I have 3848 rows of POSIXct data - stop times of bike trips in the month of April. As you can see, all of the data is in POSIXct format and is within the range of the month of April.
length(output2_stoptime)
[1] 3848
head(output2_stoptime)
[1] "2015-04-01 17:19:27 EST" "2015-04-02 07:26:06 EST" "2015-04-08 10:09:37 EST"
[4] "2015-04-12 20:08:00 EST" "2015-04-13 17:53:11 EST" "2015-04-14 07:17:34 EST"
class(output2_stoptime)
[1] "POSIXct" "POSIXt"
range(output2_stoptime)
[1] "2015-04-01 00:34:29 EST" "2015-04-30 20:49:22 EST"
Sys.timezone()
[1] "EST"
However, when I try converting this into a table of stop times per day, I get 4 dates that are converted as the 1st of May. I thought this might be occurring due to the different system timezone as I am located in Europe at the moment, but even after setting the timezone to EST, the problem persists. For example:
by_day_output2 = as.data.frame(as.Date(output2_stoptime), tz = "EST")

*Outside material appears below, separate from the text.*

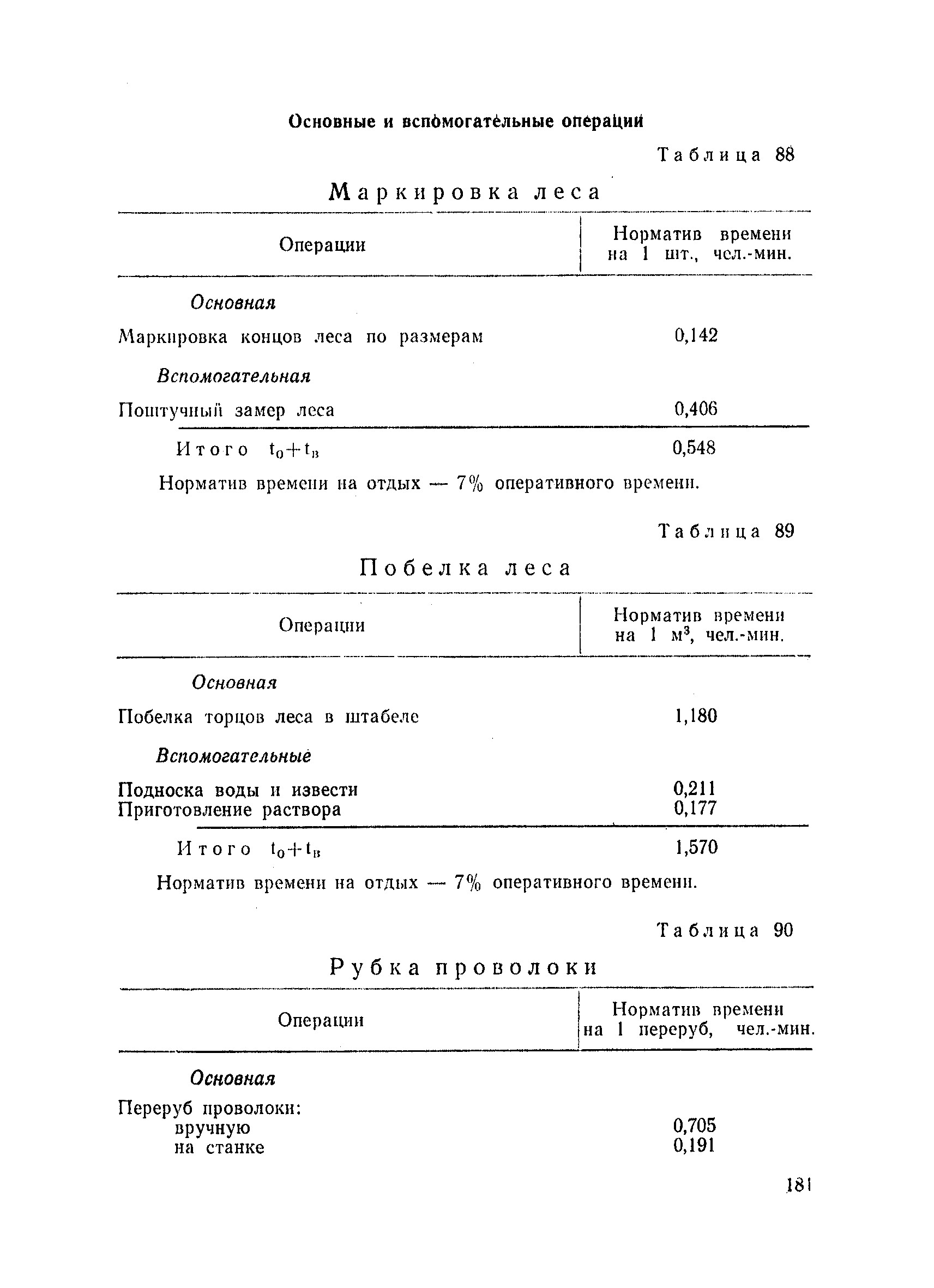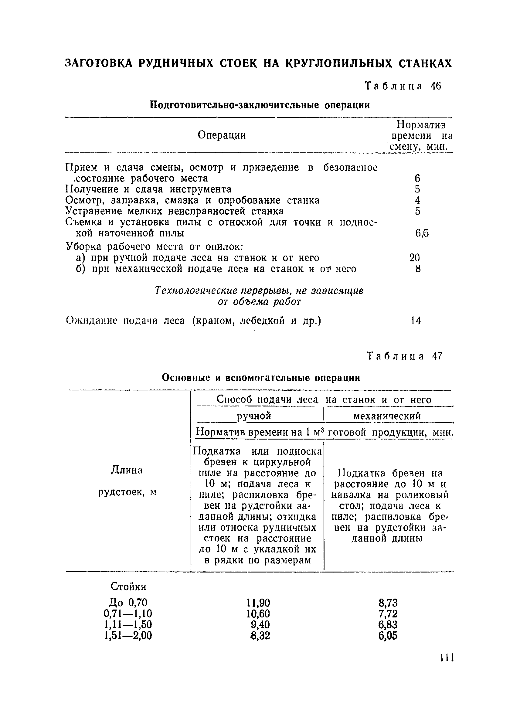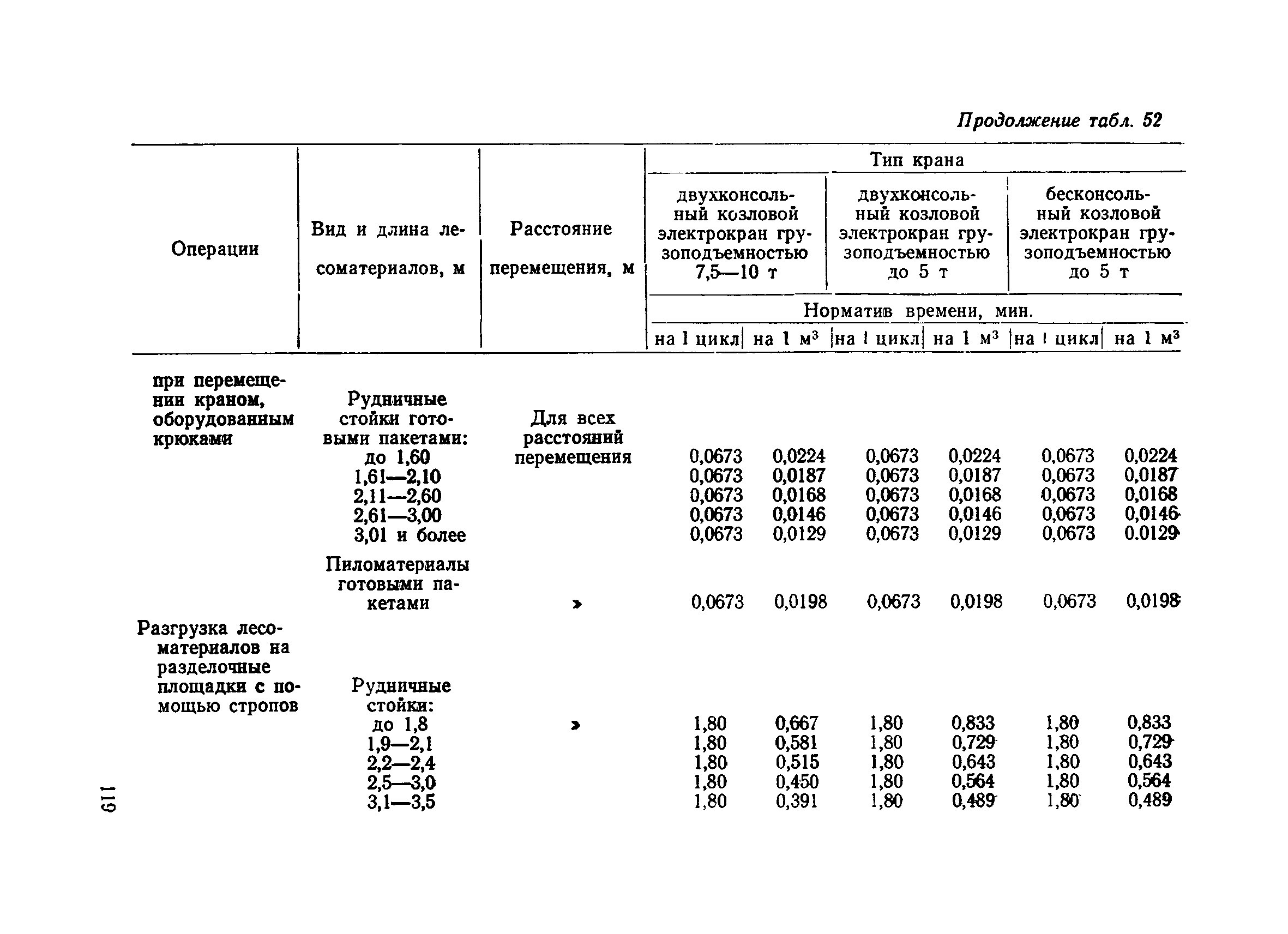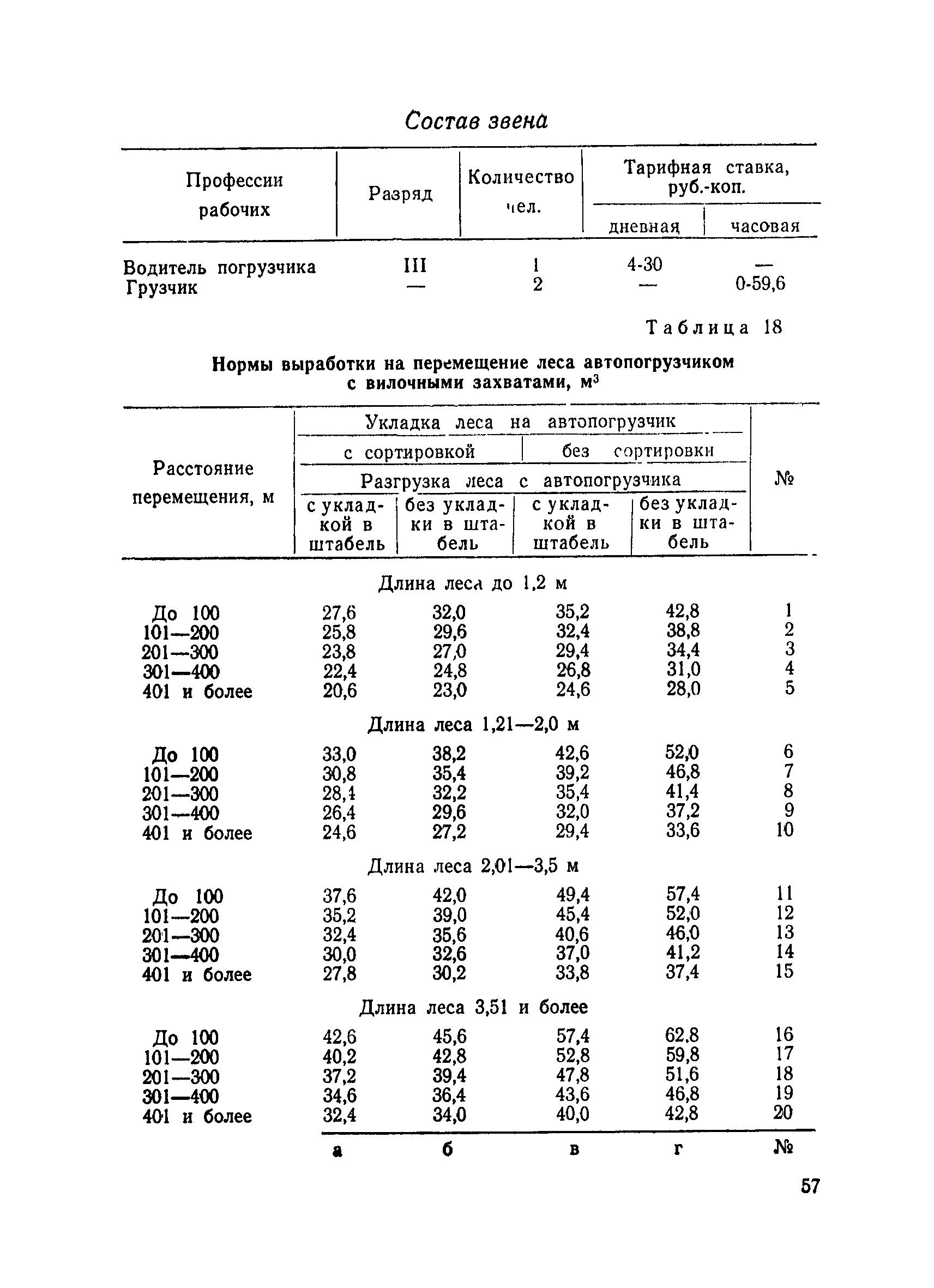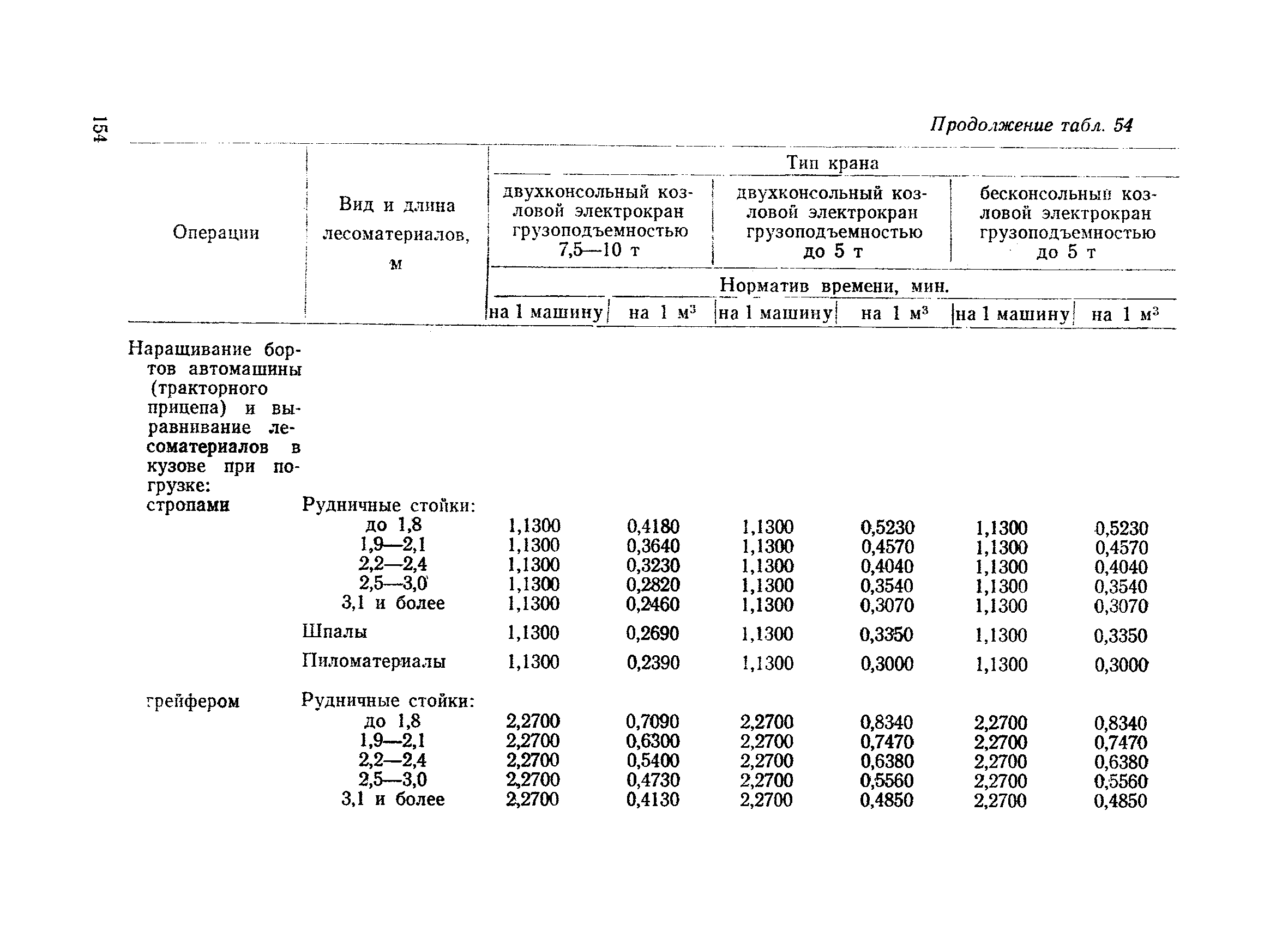 Типовые нормы выработки на переработку лесоматериалов на лесных складах предприятий (организаций) угольной промышленности| Статус: | справочные материалы, мп, тпр | | Название рус.: | Типовые нормы выработки на переработку лесоматериалов на лесных складах предприятий (организаций) угольной промышленности | | Дата добавления в базу: | 01.01.2019 | | Дата актуализации: | 01.01.2021 | | Область применения: | Типовые нормы рекомендуются для использования в качестве основы при разработке Единых отраслевых и бассейновых норм выработки, а также для применения на предприятиях и в организациях как местных технически обоснованных норм после утверждения их руководителем по согласованию с соответствующим комитетом профсоюза и нормативно-исследовательской станцией комбината (треста). Материалы сборника могут быть использованы научно-исследовательскими и проектными организациями, изучающими вопросы организации и нормирования труда | | Оглавление: | Порядок применения типовых норм Общая часть Раздел I. Разгрузочные работы § 1. Выгрузка лесоматериалов кранами из железнодорожного подвижного состава § 2. Выгрузка лесоматериалов из железнодорожного подвижного состава вручную или с применением простейших приспособлений Раздел II. Механизированное лесопиление и разделка леса § 3. Распиловка леса па лесопильных рамах § 4. Разборка и установка поставов рамных пил § 5. Продольная распиловка леса на круглопильных станках § 6. Заготовка рудничных стоек на круглопильных станках § 7. Заготовка рудничных стоек ручными электро- или бензопилами § 8. Поперечная распиловка пиломатериалов (досок, обаполов, затяжек, распилов, брусьев, шпал) на круглопильных станках Раздел III. Транспортно-перевалочные и вспомогательные работы § 9. Перемещение лесоматериалов кранами по территории склада § 10. Погрузка лесоматериалов кранами на автомашины (тракторные прицепы) § 11. Погрузка лесоматериалов на автомашины (тракторные прицепы) и выгрузка их вручную или с применением простейших приспособлений § 12. Перемещение леса автопогрузчиками § 13. Сортировка и перемещение круглого леса лебедками или тракторами § 14. Механизированное пакетирование рудничных стоек § 15. Сортировка незаштабелированных лесоматериалов вручную с формированием пакетов или с укладкой в контейнеры § 16. Погрузка лесоматериалов в вагонетки или на площадки немеханизированным способом § 17. Доставка лесоматериалов в вагонетках или на площадках немеханизированным способом § 18. Доставка лесоматериалов в вагонетках или на площадках лебедками § 19. Доставка лесоматериалов конвейерами § 20. Штабелировка круглого леса и рудничного долготья лебедками Раздел IV. Прочие работы § 21. Окорка рудничных стоек на механическом станке § 22. Окорка рудничных стоек вручную § 23. Пропитка пиломатериалов антисептиками § 24. Заточка рамных пил на суппортном станке ТчПА-3 § 25. Нарезка, заточка круглых, рамных и цепных пил на наждачном станке. Развод зубьев и правка пил § 26. Разные работы на лесном складе § 27. Вывозка отходов и мусора Раздел V. Расчетные нормативы времени по операциям или группам операций рабочих процессов Выгрузка лесоматериалов кранами из железнодорожного подвижного состава Выгрузка лесоматериалов из железнодорожного подвижного состава вручную или с применением простейших приспособлений Распиловка леса на лесопильны
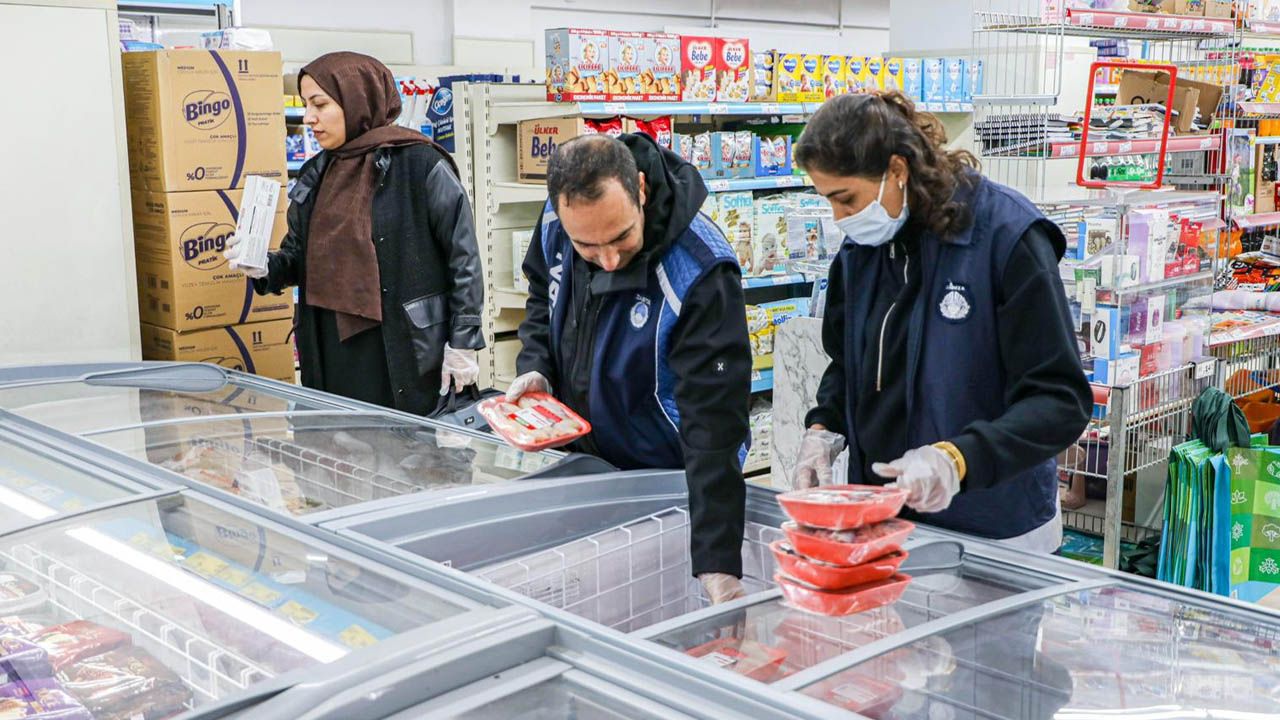 Denetimlerde, ürünlerin son kullanma tarihleri tek tek kontrol edilirken, reyonlardaki fiyat etiketleri ile kasa fiyatları arasında uyum olup olmadığına da bakılıyor.

colnames(by_day_output2)[1] = "SUM"
movements_Apr = as.data.frame(table(by_day_output2$SUM))
colnames(movements_Apr)[1] = "DATE"
tail(movements_Apr)
DATE Freq
26 2015-04-26 96
27 2015-04-27 125
28 2015-04-28 145
29 2015-04-29 151
30 2015-04-30 99
31 2015-05-01 4
Why are the four dates converting improperly when the time zones of the data and the system match? None of the data falls within May.